What happens if you don’t eat fruit for a month? Various nutrient plates: "Can vegetables completely replace fruits"

Previously, there was a topic on the Internet, "What happens if you don't eat fruit for a month?" Some people will not eat staple foods to reduce weight, but some people pointed out that the sugar content is too high and they will become fatter. Excluding weight loss from a health perspective, can the nutrients in fruits be replaced by other foods?

A doctor named Yang from the Department of Cureology said that not eating fruit for one month may affect vitamins and dietary fiber intake, resulting in unbalanced nutrition. Fruits are an important source of nutrients such as vitamin C, detergent, dietary fiber and antioxidant quality. If other foods in your diet can provide enough nutrients, then not eating fruit will have little impact on your body. However, if you eat an imbalance, it may lead to vitamin and mineral deficiencies, which can easily cause skin problems, constipation, and decreased immunity. In addition, fruit is an important source of dietary fiber, and insufficient fruit intake may affect kidney health and lead to constipation.

Drop of the nutrients in fruits can be replaced by vegetables

1. Vitamin C

also contains a large amount of vitamin C in some vegetables, such as bell peppers, colored peppers, cabbage, cabbage, cabbage, spinach, etc. Especially bell peppers and colored peppers can be eaten raw and can be completely supplemented. Therefore, in terms of vitamin C, vegetables can completely replace fruits.

2. Dietary fiber

Vegetables also contain a large amount of dietary fiber. Every 100 grams of fiber contains more than 3 grams, it is a high-grade vegetable. For example, burdock has a high-grade vegetable of up to 5.1 grams. In addition, mushrooms, okra, bitter gourd, sweet potato leaves, cauliflower, red cabbage, and bell pepper are also high-grade vegetables.

3. Minerals

The content of seaweed, golden cabbage, tangerine, rapeseed, cabbage, coriander and okra in vegetables contains more than 100 mg per 100 grams, which is a very important dietary source of calcium, but the calcium content of fruits is mostly very low, so in terms of calcium, vegetables can completely replace fruits.

4. Drying

Many vegetables have abundant content. Common vegetables containing more than 250 mg of each 100 grams include seaweed, edamame, crocus, vermicelli, bamboo, red beans, mustard, tangerine, tangerine, mushrooms, borer, water spinach, mustard, baby cabbage, colored pepper, etc. The types are far more common than fruits, so the drill provided by vegetables can replace fruits.
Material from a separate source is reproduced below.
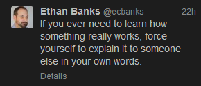A tweet that Ethan Banks (@ecbanks) sent yesterday sort of brought my thought process on blogging full circle…
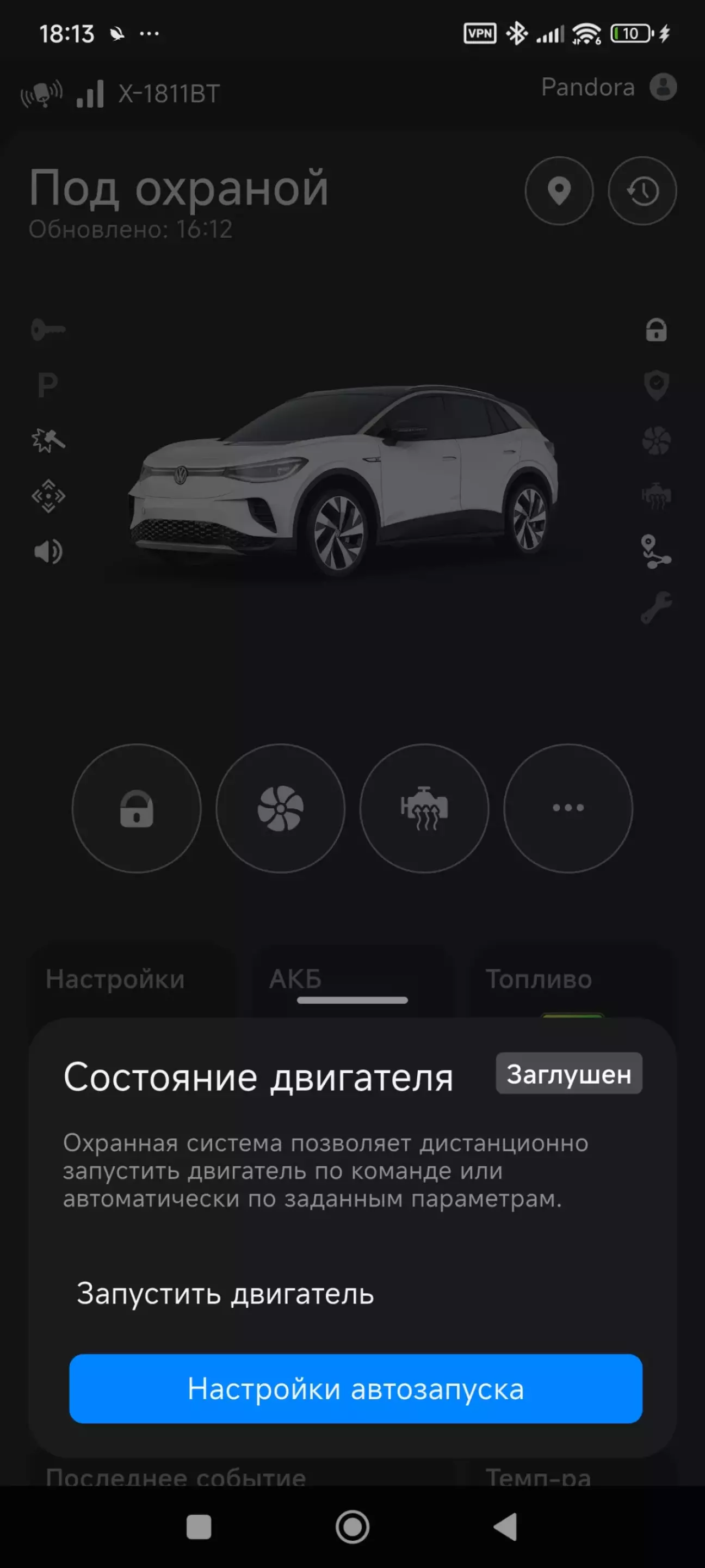 Налаштував сигналізацію, дуже довго вникав що куди і як і вчора зміг нарешті налаштувати , протестував дистанційний запуск двигуна. Можна встановлювати таймер, годину , дві ,десять, запуск по рівню заряду АКБ, запуск по температурі зовнішнього середовища, запуск по тижневому графіку , є моніторинг стану АКБ , можливість відкриття багажнику з додатку, температура в авто, назовні , стан охоронної системи. В цілому прикольна штука і зимою ну дуже потрібна, виходиш а машина вже прогріта.

5. Common vegetables containing more than 250 mg of oz include seaweed, green cabbage, edamame, fungus, spinach, celery leaf, fungus, etc. The only fruit that meets the conditions is coconut, so the ozone provided by vegetables can replace fruit.

6. Bioactive ingredients

Anthocyanin can be eaten with purple sweet blue supplement, β-Hushu can be eaten with vegetarian, pumpkin supplement, eggplant red vegetarian can be eaten with tomato supplement, leaf yellow vegetarian can be eaten with spinach, kale blue, and cauliflower supplement.

Fruits can be replaced, but they still have their own characteristics

From this, it is obvious that vegetables can actually replace fruits in nutrients, even if they don’t eat fruits for a month, they won’t be like this. However, fruits certainly have their benefits. Studies have shown that eating more fruits can reduce the incidence of cardiovascular diseases and reduce the risk of gastrointestinal cancer such as esophageal cancer, gastric cancer, and straight kidney cancer.

In addition, fruits are rich in citric acid and apple acid, which makes them produce a unique sour taste. Coupled with the sugar and aromatic compounds it contains, the fruits are sweet and sour, making them a delicacy that some people cannot resist.